What this task involves
Repeat exactly the lines of the material below that run from the "Триммер для стрижки" line to the "- KITCHEN: The" line, including both, and do not carry over any pictures.

Supplied material
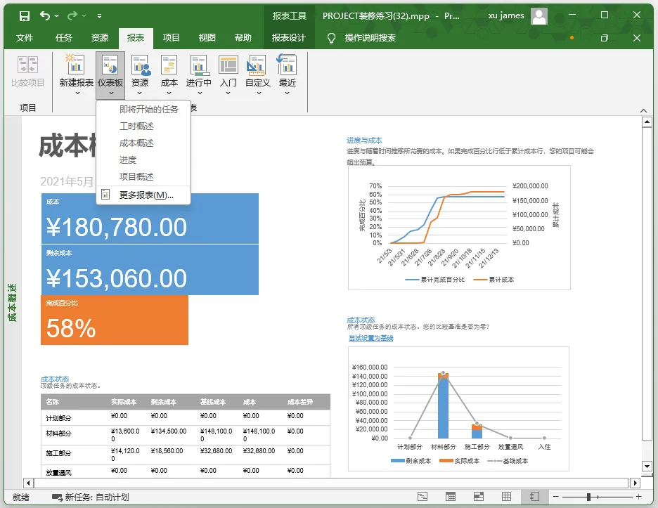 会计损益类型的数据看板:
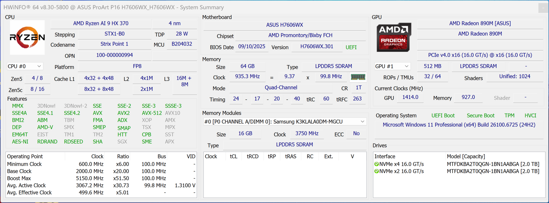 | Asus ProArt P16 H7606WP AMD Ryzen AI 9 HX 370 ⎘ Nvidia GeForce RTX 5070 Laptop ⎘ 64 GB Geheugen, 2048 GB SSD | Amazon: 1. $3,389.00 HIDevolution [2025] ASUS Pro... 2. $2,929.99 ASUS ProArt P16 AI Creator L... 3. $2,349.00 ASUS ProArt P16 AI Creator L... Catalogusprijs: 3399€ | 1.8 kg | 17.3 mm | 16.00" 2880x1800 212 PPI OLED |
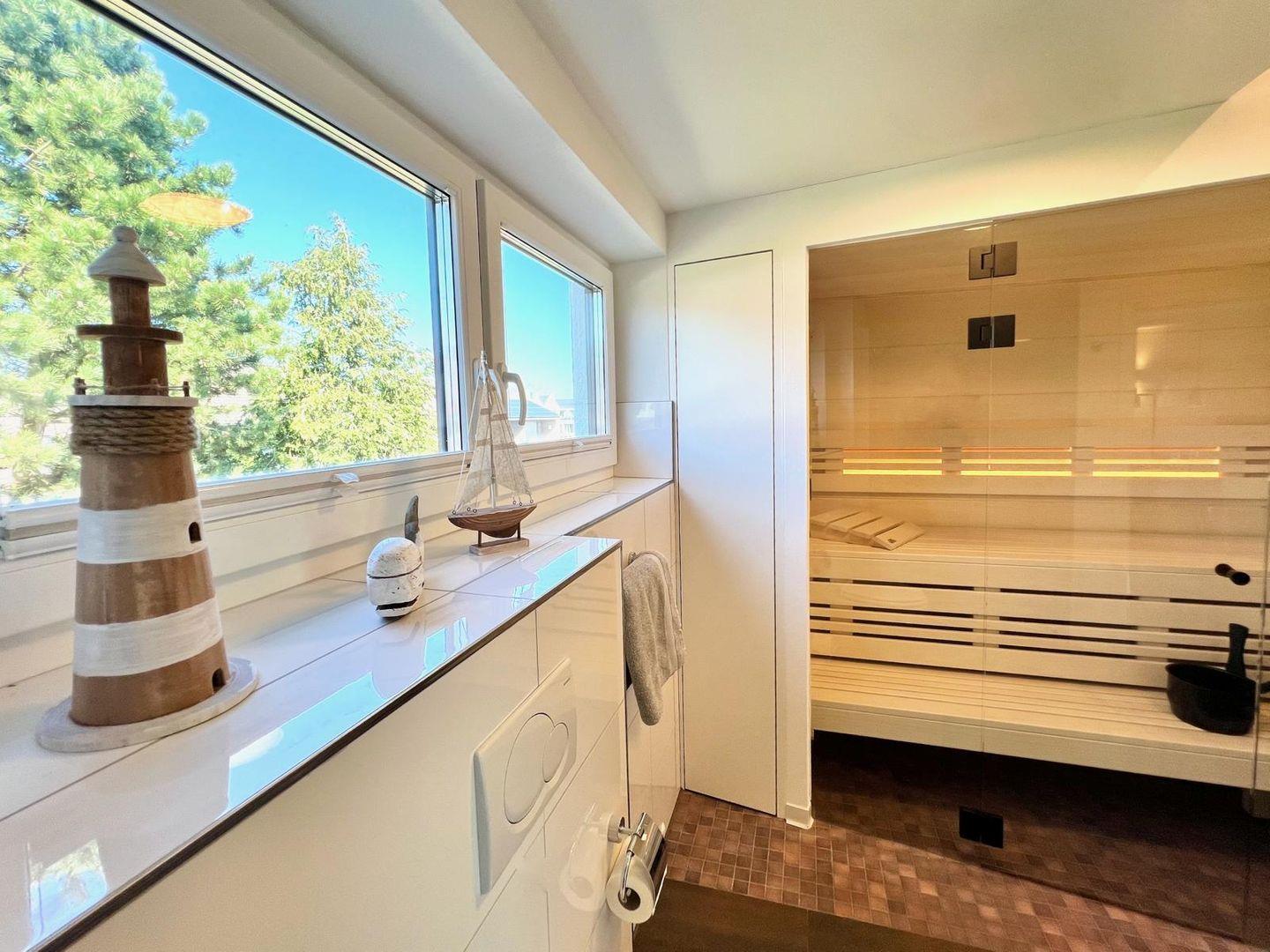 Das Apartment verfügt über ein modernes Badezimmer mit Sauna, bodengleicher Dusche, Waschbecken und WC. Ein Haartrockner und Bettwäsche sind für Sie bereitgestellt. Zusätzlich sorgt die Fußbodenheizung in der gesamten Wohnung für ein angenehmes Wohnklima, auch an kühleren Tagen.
---
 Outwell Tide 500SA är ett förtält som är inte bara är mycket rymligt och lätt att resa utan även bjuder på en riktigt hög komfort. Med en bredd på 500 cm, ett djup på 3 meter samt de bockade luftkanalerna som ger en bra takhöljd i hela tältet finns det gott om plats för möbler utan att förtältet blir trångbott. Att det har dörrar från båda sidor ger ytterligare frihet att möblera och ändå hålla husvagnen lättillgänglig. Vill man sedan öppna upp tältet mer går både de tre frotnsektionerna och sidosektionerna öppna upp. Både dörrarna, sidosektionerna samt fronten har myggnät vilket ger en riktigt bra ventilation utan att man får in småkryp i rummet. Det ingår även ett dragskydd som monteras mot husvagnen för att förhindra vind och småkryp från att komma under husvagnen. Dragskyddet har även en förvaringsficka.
* * *
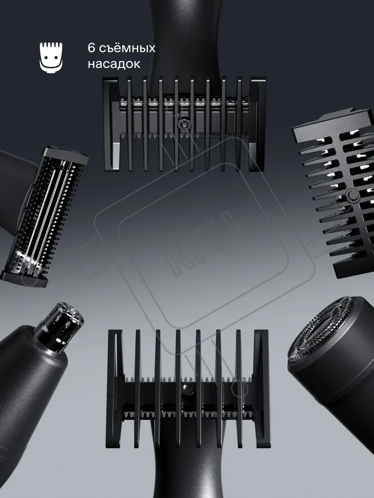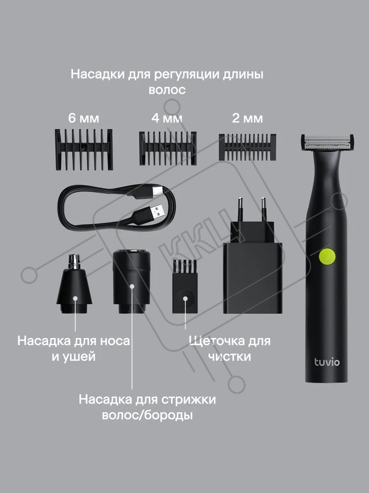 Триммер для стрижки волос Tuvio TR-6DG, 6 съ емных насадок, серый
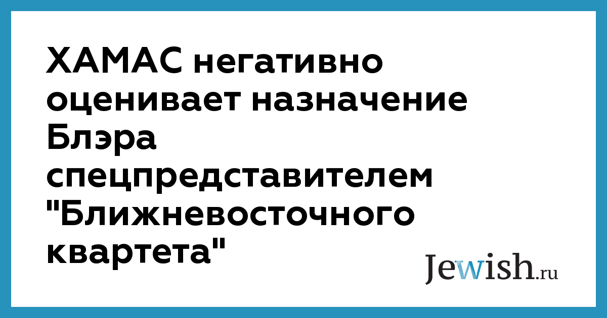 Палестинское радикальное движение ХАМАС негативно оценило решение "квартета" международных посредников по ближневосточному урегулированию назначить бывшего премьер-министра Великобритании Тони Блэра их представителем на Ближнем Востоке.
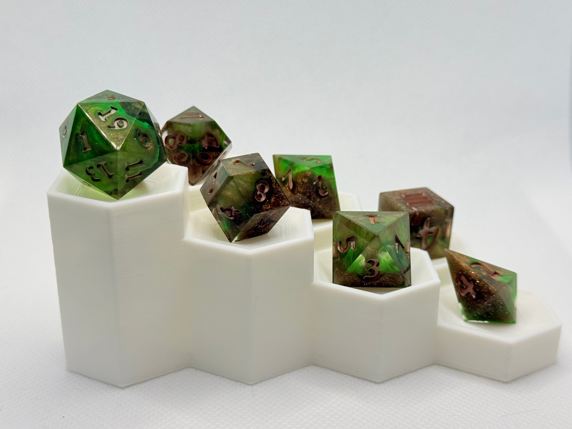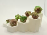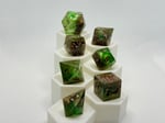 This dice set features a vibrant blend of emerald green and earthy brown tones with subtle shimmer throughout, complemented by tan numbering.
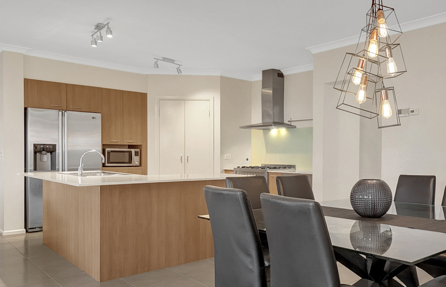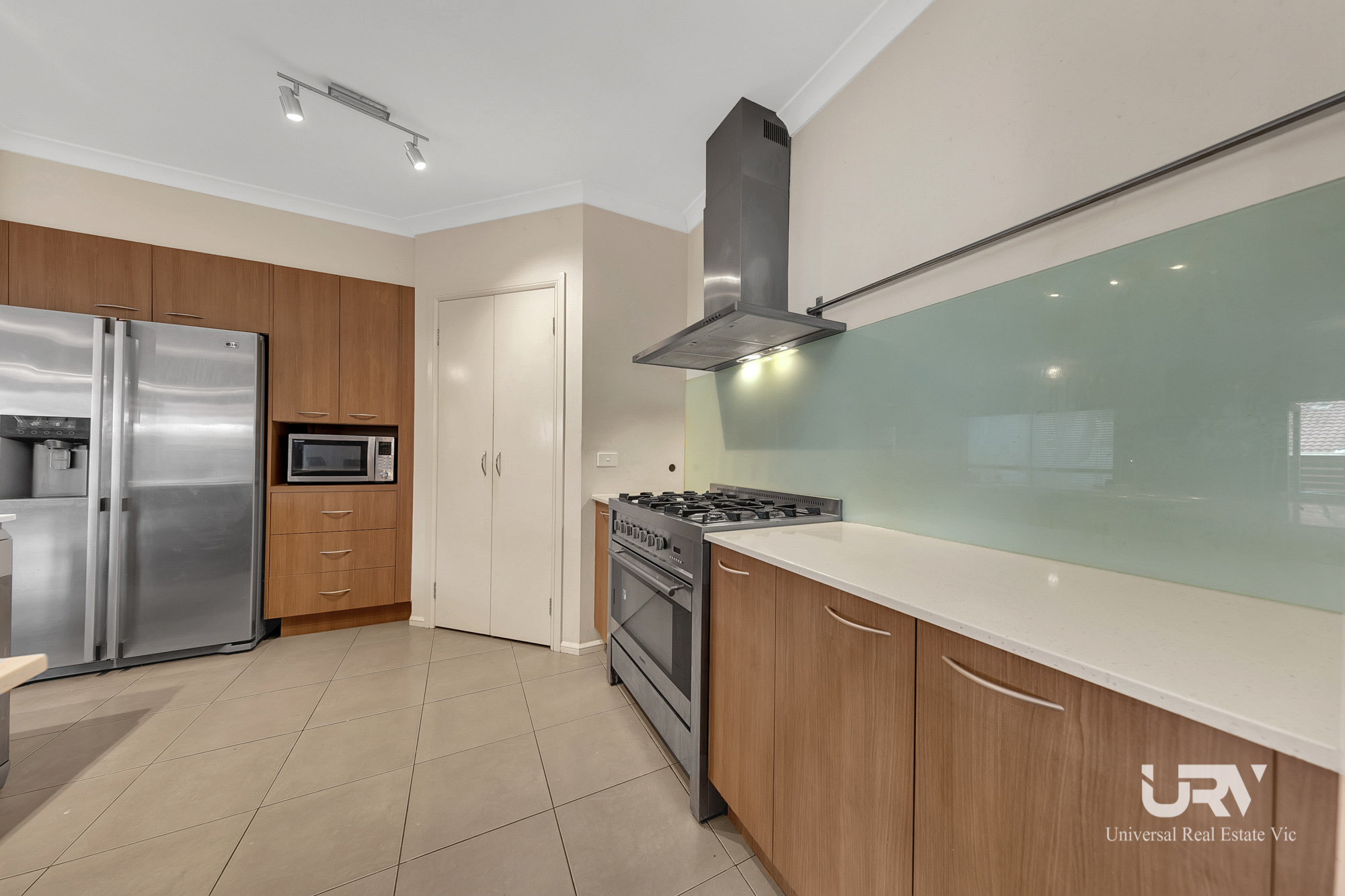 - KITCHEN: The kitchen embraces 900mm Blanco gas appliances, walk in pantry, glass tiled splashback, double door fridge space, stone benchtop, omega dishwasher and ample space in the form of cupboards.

Task response
 Триммер для стрижки волос Tuvio TR-6DG, 6 съ емных насадок, серый
 Палестинское радикальное движение ХАМАС негативно оценило решение "квартета" международных посредников по ближневосточному урегулированию назначить бывшего премьер-министра Великобритании Тони Блэра их представителем на Ближнем Востоке.
 This dice set features a vibrant blend of emerald green and earthy brown tones with subtle shimmer throughout, complemented by tan numbering.
 - KITCHEN: The kitchen embraces 900mm Blanco gas appliances, walk in pantry, glass tiled splashback, double door fridge space, stone benchtop, omega dishwasher and ample space in the form of cupboards.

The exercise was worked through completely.